Detailed descriptions of data retrieval are presented in
Appendix A.
5. Discussion
This case study serves as a pedagogical demonstration of how public health graduate students could be taught statistical and text mining techniques for analyzing Twitter data. This study explored how contents of manually coded Twitter data pertinent to a specific health topic can be analyzed. In this case, our dataset contained tweets related to HIV/AIDS retrieved around WAD 2014. First, multivariable regression models were applied with the country income level of users as the main explanatory variable to explore differences in contents between users whose self-reported countries belong to different World Bank country income levels. Next, the SVM model was applied as a classifier for relevant and irrelevant tweets.
Our findings suggest a possibility of divergent interests between countries of different levels of economic development with regard to the types of HIV/AIDS-related information being shared on Twitter. These results echo observations that social media users reacted to infectious disease outbreaks differently between different communities or countries [
7,
8]. However, since location data is self-reported, and country-level income data does not apply to individuals (ecological fallacy), the authors caution against over-interpretation of the results of this exploratory study.

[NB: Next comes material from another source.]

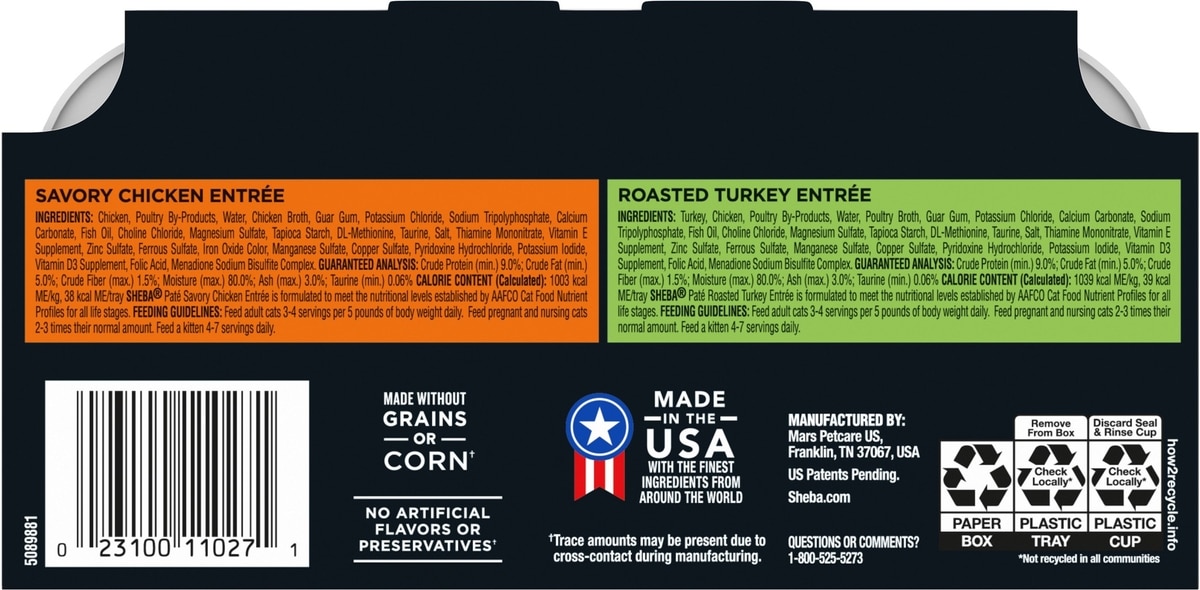 - Sheba Perfect Portions Grain-Free Savory Chicken, Roasted Turkey & Tender Beef Pate Variety Pack Adult Wet Cat Food Trays, 2.6-oz tray, case of 24$22.38 Chewy Price$25.98 List Price$21.26 Autoship PricePromo, New Customers Only: Spend $49+, Get $20 eGift Card

Our supervised machine learning analysis serves as a pilot for the use of SVM models to filter HIV-relevant tweets from irrelevant tweets in a corpus of tweets. The use of SVM models could reduce the amount of time needed to read through tweets and serve as the first sieve to pull relevant tweets for in-depth manual coding that will serve as the basis of qualitative analysis of the textual content of Twitter data. The SVM method described here serves to facilitate, and not replace, qualitative studies that are tantamount to our understanding of social media contents.
5.1. Limitations
The dataset of this study is cross-sectional. Temporal variability of the data and causality between the predictive and outcome variables are beyond its scope. The three-day time frame was intentional to capture the responses to WAD. Hence, our results might not be applicable to other times of the year. Given the search terms, the sample of tweets was predominantly written in the English language, and thus our results cannot be generalized to users who wrote in other languages. Given the sample size for manual coding, the Twitter contents of users from individual countries could not be compared. Self-reported locations might not always accurately reflect the exact geographical location of the users. The geolocation data was not used because the proportion of tweets with geolocation data was low. The limitations of using the World Bank’s categorization of country income levels of Twitter users’ self-reported location as the explanatory variable are acknowledged. The diversity of cultures, healthcare systems, and prevalence of HIV/AIDS across countries (or territories) within the same country income level precluded the authors from drawing inferences between economic development and HIV-related concerns raised by Twitter users. Furthermore, it should be noted that a country’s income level is not an indication of an individual’s income level, and such an inference (which is known as ecological fallacy in epidemiology) should not be made. It is noted that in any country, Twitter users do not represent the general population. Finally, our study did not evaluate the quality (accuracy or reliability) of the information provided in the tweets. Only “mentions” were coded. Evaluation of the quality of HIV/AIDS-related information posted on Twitter is beyond the scope of this study.
5.2. Conclusions
To conclude, a pedagogical demonstration in public health Twitter data analysis using HIV-related tweets around WAD 2014 as a case study was presented. As social media data analysis becomes more mainstream in public health practice, training in big data analytical techniques will become more relevant to the education of our future public health practitioners.